Exercise data
»»

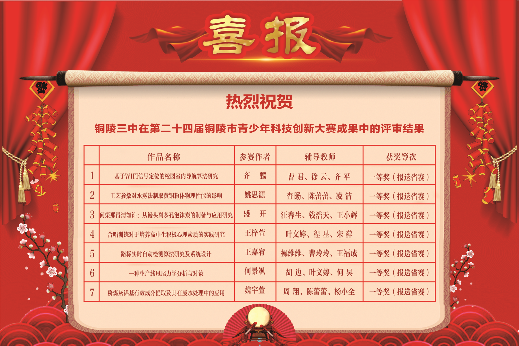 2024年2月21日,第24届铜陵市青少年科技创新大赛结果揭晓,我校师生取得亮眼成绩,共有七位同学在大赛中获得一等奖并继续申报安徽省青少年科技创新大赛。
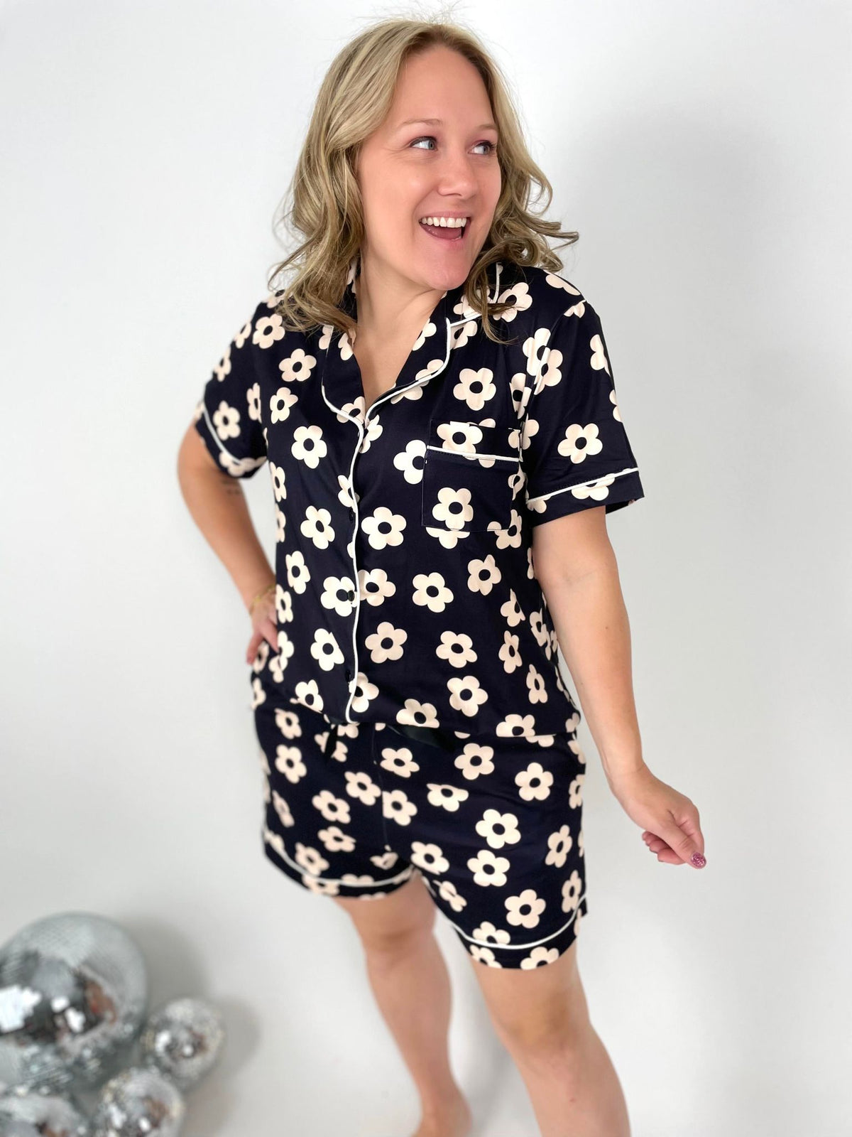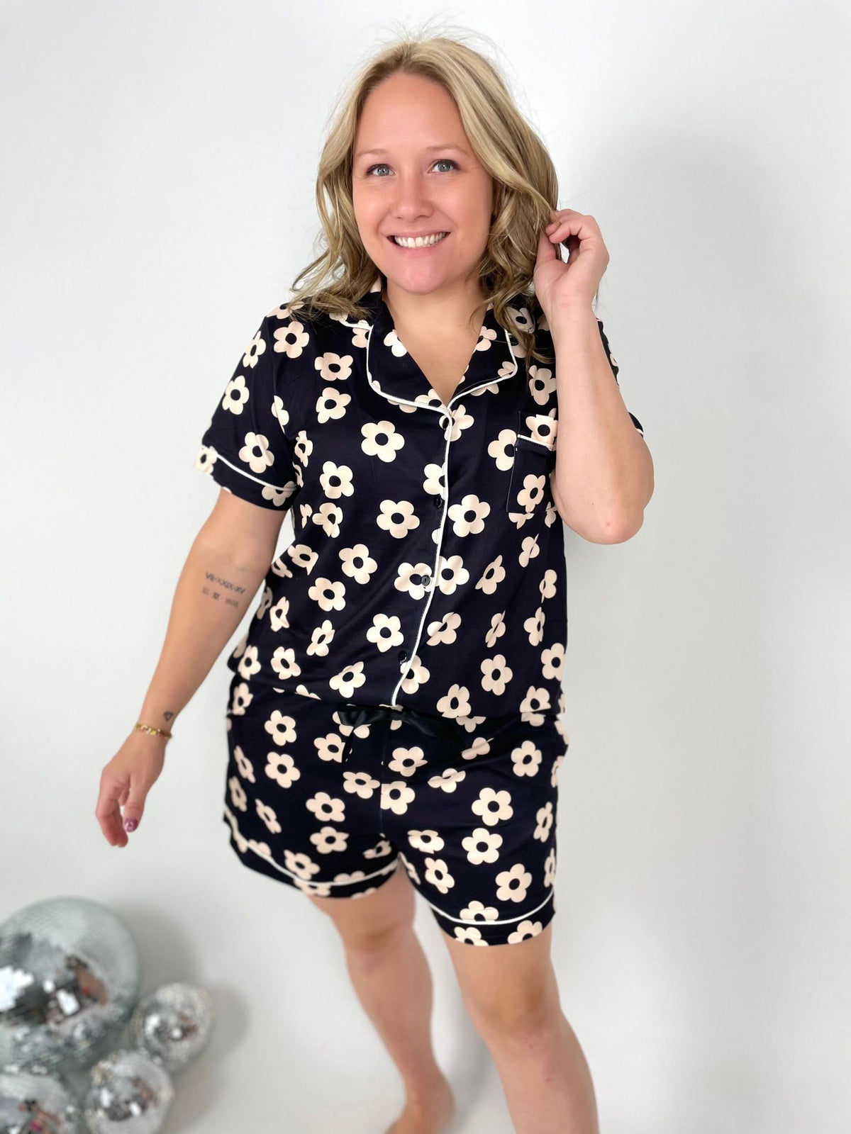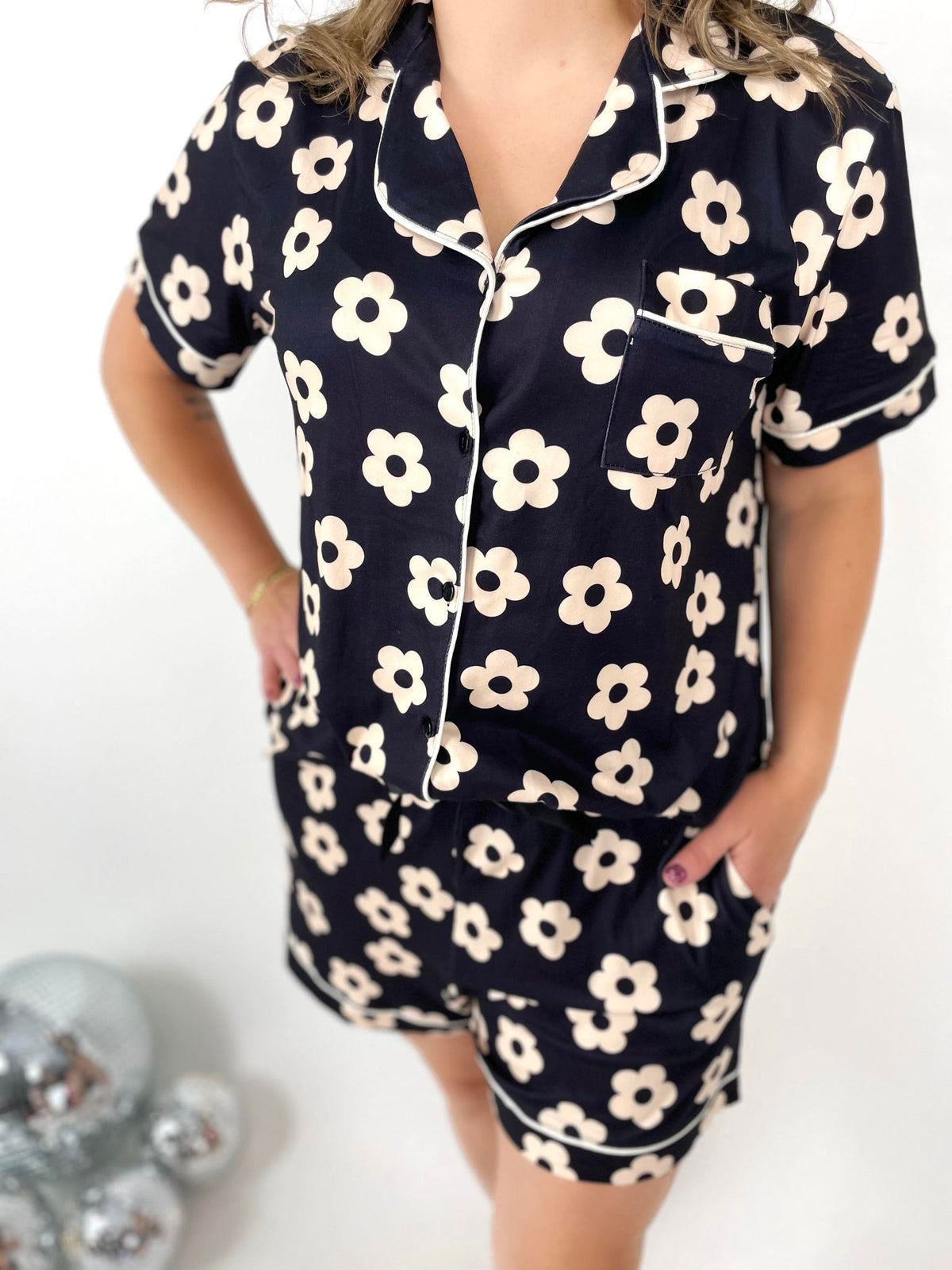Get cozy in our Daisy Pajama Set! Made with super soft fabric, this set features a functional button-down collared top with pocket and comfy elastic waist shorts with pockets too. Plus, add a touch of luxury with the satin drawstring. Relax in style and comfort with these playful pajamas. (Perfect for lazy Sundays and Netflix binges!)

««
»»

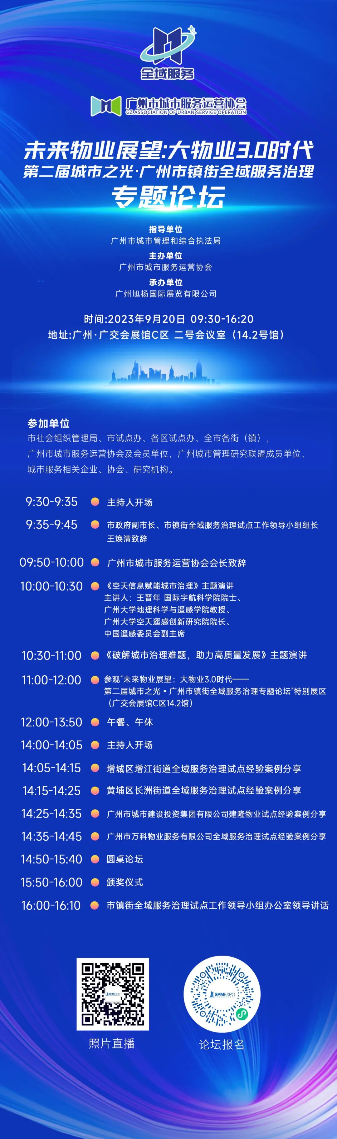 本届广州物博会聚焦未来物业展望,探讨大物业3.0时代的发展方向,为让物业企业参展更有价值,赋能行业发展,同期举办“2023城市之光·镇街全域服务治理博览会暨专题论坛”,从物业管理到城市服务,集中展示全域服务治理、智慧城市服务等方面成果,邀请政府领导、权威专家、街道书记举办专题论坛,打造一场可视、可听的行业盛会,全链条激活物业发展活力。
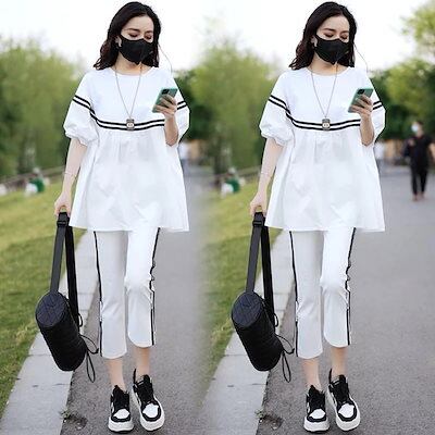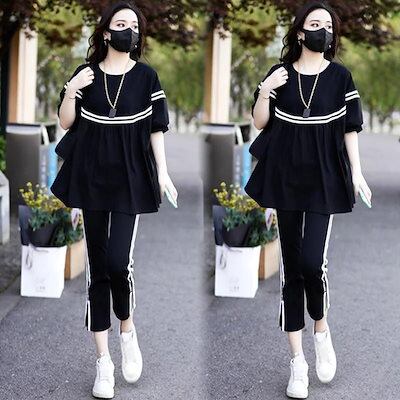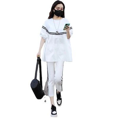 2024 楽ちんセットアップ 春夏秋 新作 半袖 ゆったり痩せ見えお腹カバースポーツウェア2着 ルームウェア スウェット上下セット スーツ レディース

««
»»

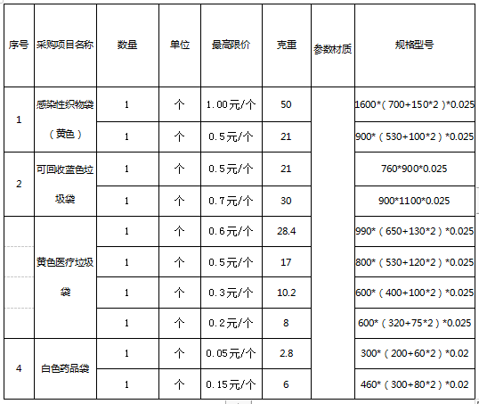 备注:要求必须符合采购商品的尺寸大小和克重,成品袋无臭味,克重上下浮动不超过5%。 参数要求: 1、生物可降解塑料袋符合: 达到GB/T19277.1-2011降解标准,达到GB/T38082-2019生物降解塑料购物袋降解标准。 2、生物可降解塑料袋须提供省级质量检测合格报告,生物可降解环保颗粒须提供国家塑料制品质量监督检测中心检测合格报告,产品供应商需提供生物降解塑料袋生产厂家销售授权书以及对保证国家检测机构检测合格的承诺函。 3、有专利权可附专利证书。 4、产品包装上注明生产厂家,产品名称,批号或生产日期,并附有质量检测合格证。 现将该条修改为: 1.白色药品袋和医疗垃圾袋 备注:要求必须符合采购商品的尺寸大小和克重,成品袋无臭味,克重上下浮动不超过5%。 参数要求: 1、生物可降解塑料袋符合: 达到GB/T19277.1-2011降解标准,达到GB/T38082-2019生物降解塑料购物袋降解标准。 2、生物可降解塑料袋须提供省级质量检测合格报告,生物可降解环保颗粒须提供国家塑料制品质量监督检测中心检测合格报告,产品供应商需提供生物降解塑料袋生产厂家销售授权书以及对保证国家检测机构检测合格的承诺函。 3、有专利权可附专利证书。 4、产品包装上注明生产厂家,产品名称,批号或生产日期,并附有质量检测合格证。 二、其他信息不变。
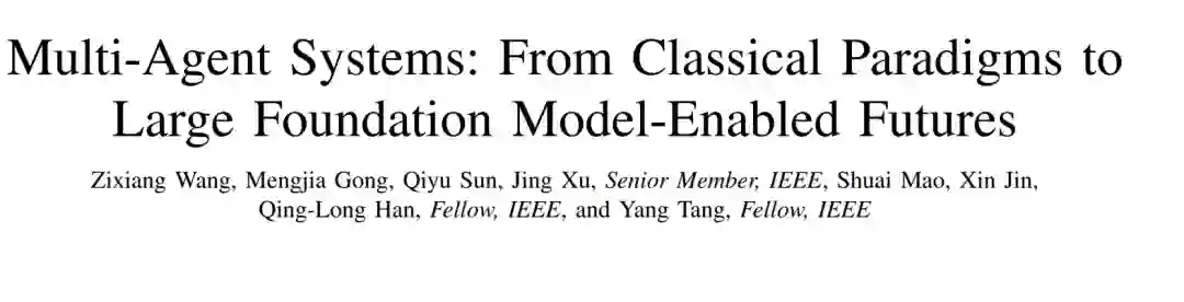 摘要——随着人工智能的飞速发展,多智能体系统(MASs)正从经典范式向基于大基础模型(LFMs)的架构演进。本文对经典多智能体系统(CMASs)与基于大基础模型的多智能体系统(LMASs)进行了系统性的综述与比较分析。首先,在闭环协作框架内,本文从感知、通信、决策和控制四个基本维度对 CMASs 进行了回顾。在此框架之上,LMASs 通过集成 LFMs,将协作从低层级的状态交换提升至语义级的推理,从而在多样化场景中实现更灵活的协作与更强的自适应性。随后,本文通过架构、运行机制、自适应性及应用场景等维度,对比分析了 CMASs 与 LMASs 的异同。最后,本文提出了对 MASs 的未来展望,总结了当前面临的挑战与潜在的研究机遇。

««

Exercise objective
Return exactly the lines above, from the one with "2024年2月21日,第24" up to and including the one with "Get cozy in", and include no pictures.

Problem solution
 2024年2月21日,第24届铜陵市青少年科技创新大赛结果揭晓,我校师生取得亮眼成绩,共有七位同学在大赛中获得一等奖并继续申报安徽省青少年科技创新大赛。
Get cozy in our Daisy Pajama Set! Made with super soft fabric, this set features a functional button-down collared top with pocket and comfy elastic waist shorts with pockets too. Plus, add a touch of luxury with the satin drawstring. Relax in style and comfort with these playful pajamas. (Perfect for lazy Sundays and Netflix binges!)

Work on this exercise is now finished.